I checked the lens on my Canon 7s and it focused spot on all they way to the minimum focus distance but the automatic parallax window stopped adjusting when the focus got down to about the typical minimum of 3 feet. This 1.5 foot focusing distance is so cool. I typically mount these on modern mirrorless bodies with a close focusing adapter but this lens really doesn’t need that. However with the close focus adapter and the crazy close minimum focus the lens starts tickling the macro range.

Nikkor H C 5cm f/2 LTM

This lens is very small for a fast f/2. It is more compact than the early Canon Serenar 50/1.8 or the Leica Summicrons and Summitars. I am delighted with this lens as a fun little performer on either my EOS R5, EOS M6 Mk II, or my Canon 7s. It is based on a Zeiss Sonnar design which was the darling of the era before more modern designs came in the middle 1950s.

The lens is very well made, all metal and smooth controls. This model is the so-called “black belt” as it has a black ring for the aperture control. Not sure if that has any significance other than cosmetics. The lens has very good image quality for a lens of this era. It is fast, reasonable sharp wide open, super sharp one stop down, and has solid contrast. The contrast gets a bit flat in tough lighting. Color rendition is decent although for film color contrast isn’t so hot. On digital it is awesome.

The pictures made with this lens in this article were all captured on my M6 Mk II which is a 1.6x crop body.
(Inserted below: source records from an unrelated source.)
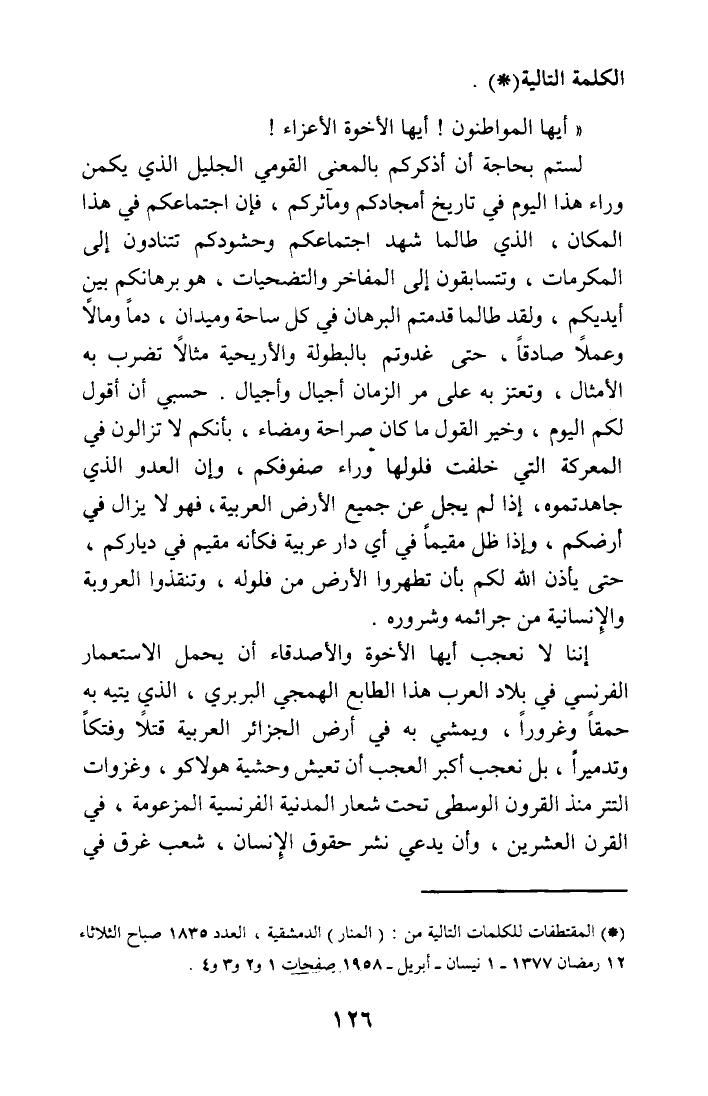 إننا لا نعجب أيها الأخوة والأصدقاء أن يحمل الاستعمار الفرنسي في بلاد العرب هذا الطابع الهمجي البربري، الذي يتيه به حمقا وغرورا، ويمشي به في أرض الجزائر العربية قتلا وفتكا وتدميرا، بل نعجب أكبر العجب أن تعيش وحشية هولاكو، وغزوات التتر منذ القرون الوسطى تحت شعار المدنية الفرنسية المزعومة، في القرن العشرين، وأن يدعي نشر حقوق الإنسان، شعب غرق في
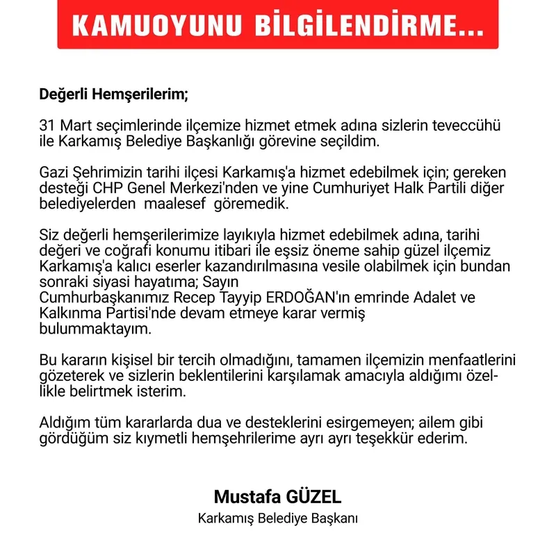 CHP Gaziantep Karkamış Belediye Başkanı Mustafa Güzel, partisinden istifa ederek AK Parti'ye katıldığını açıkladı. Güzel, yaptığı açıklamada, "Siyasi hayatıma; Sayın Cumhurbaşkanımız Recep Tayyip Erdoğan'ın emrinde Adalet ve Kalkınma Partisi'nde devam etmeye karar vermiş bulunmaktayım." ifadelerini kullandı.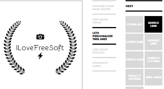 Hipster Logo Generator is also a useful online logo maker using which you can create simple and stylish logos. To create a logo using this logo maker, the first thing you would need to do is choose any of the base shapes. Currently, it offers a few base shapes for you to use. In addition to that, it also comes with more than 25 predefined icons which you can select and add to your logo design. After that, you can proceed and add your logo text by selecting any of the predefined positions for the text like Single Line, Double Line, Large X Letters, Side Line, etc.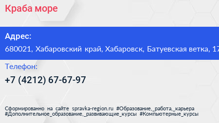Краба море по адресу 680021, Хабаровский край, Хабаровск, Батуевская ветка, 17 в дальнейшем Организация, размещена в следующих категориях: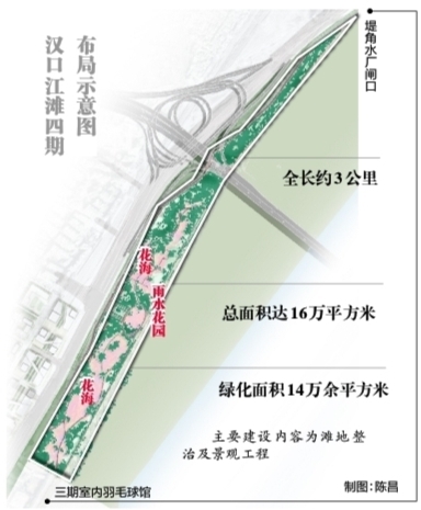 汉口江滩四期工程,上起三期室内羽毛球馆,下至堤角水厂闸口,全长约3公里。主要建设内容为滩地整治及景观工程,总面积达16万平方米。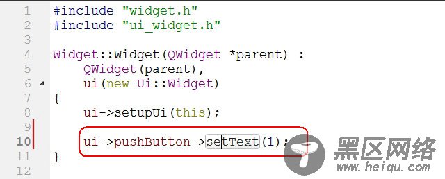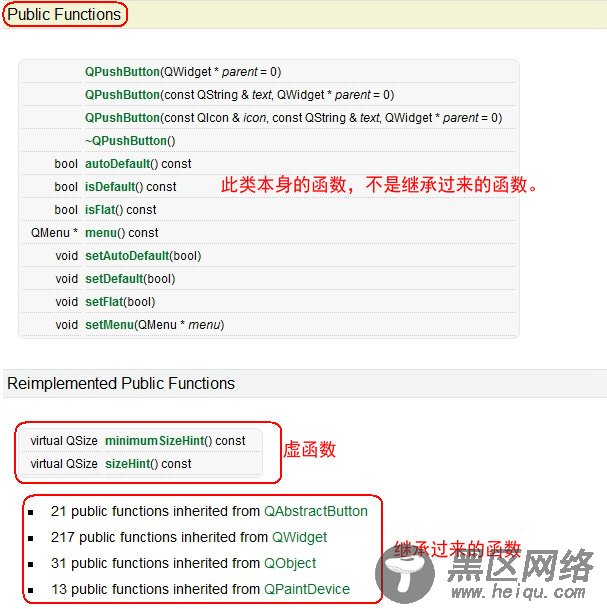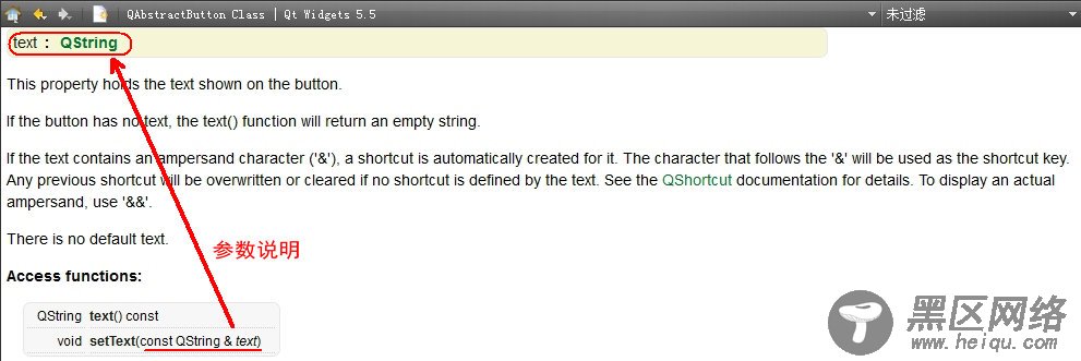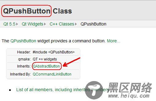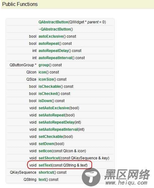 d)很多时候,我们需要使用到继承过来的函数,如给按钮设置内容( setText() )即是从 QAbstractButton 继承过来: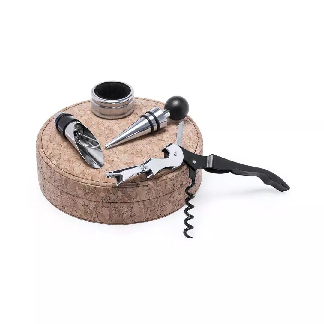 Goodies ensemble à vin dans un coffret rond en liège naturel avec intérieur en mousse beige. Accessoires en acier inoxydable : un tire-bouchon à 2 crans avec coupe-capsule et décapsuleur, un bouchon élégant, un bec verseur et un anneau anti-gouttes.

I used the close focusing adapter which allowed me to focus down to about 11 inches which ought to be about 1:10 magnification. On the crop body at 1.6x the lens frames like an 80mm.

Mindy on the sofa, 1/80th sec @f/2.0
Close up (un-cropped) using close focusing adapter 1/80 sec @ f/2.0
Rosebud 1/2500th sec @ f/2.0
Rose bud a little tighter in 1/640th sec @ f/2.